MLModelCatalog predict method incompatible with pipeline
JohanvandenHeuvel opened this issue · 5 comments
The MLModelCatalog predict method has the following signature:
def predict(
self, x: Union[np.ndarray, pd.DataFrame, torch.Tensor, tf.Tensor]
) -> Union[np.ndarray, pd.DataFrame, torch.Tensor, tf.Tensor]:
however if the MLModelCatalog pipeline is enabled then x is also input for
def perform_pipeline(self, df: pd.DataFrame) -> pd.DataFrame:
i.e. the predict function can take input types that are incompatible with the possible model settings.
The problem is that perform_pipeline
can potentially use the encoder which relies on it's input being a dataframe.
@JohanvandenHeuvel that means that the pipeline cannot work for other inputs other than DataFrame right? We could make that explicit and not execute the pipeline for the tensors?
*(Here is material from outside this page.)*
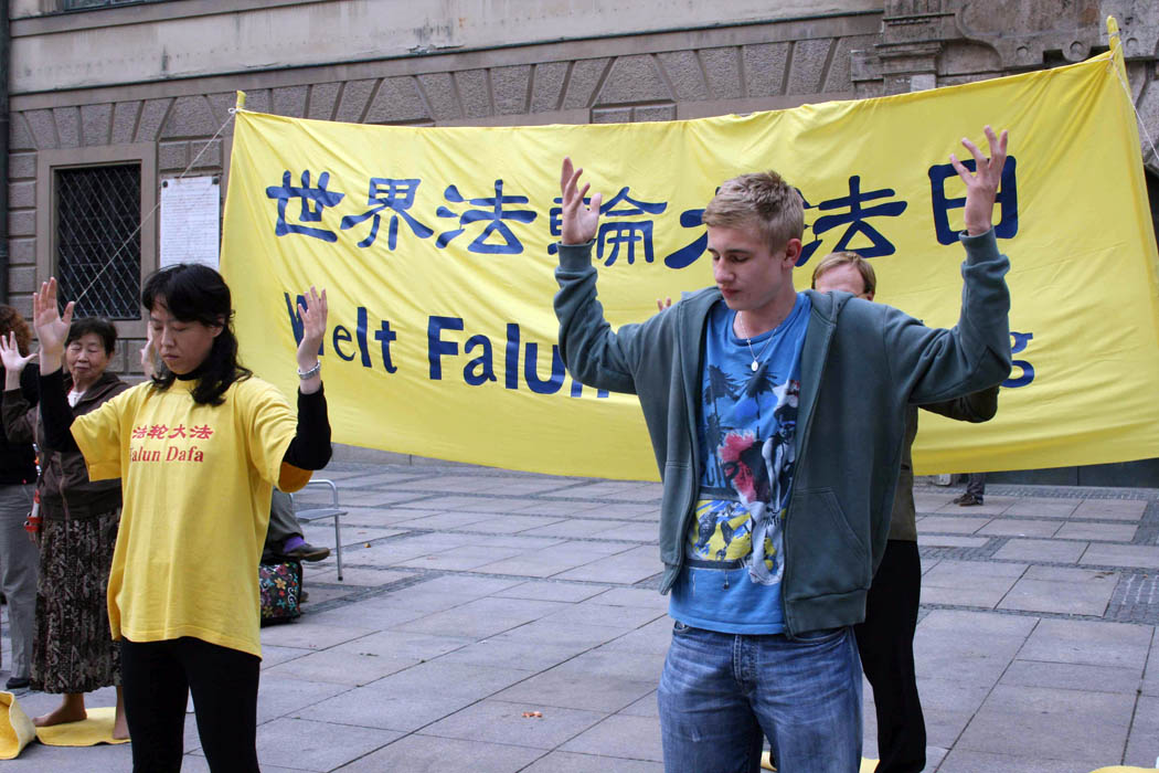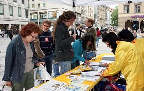 ![]() 驻足了解法轮功的慕尼黑民众 |

It seems that way yes. And we can't make the pipeline fully work for other inputs, except scaling the data.
How do we fix this? We could keep it as is, and let the pipeline function throw an exception. We could throw an exception ourselves. Or we only allow for the predict function to use dataframes as input.
I guess you could normalize a dataframe, convert this to e.g. a Tensor and give this "pipelined" Tensor as input to the predict function. But like in #115, this results in having two ways to normalization, and this isn't very consistent IMO.
Fixed by moving normalization to the data part.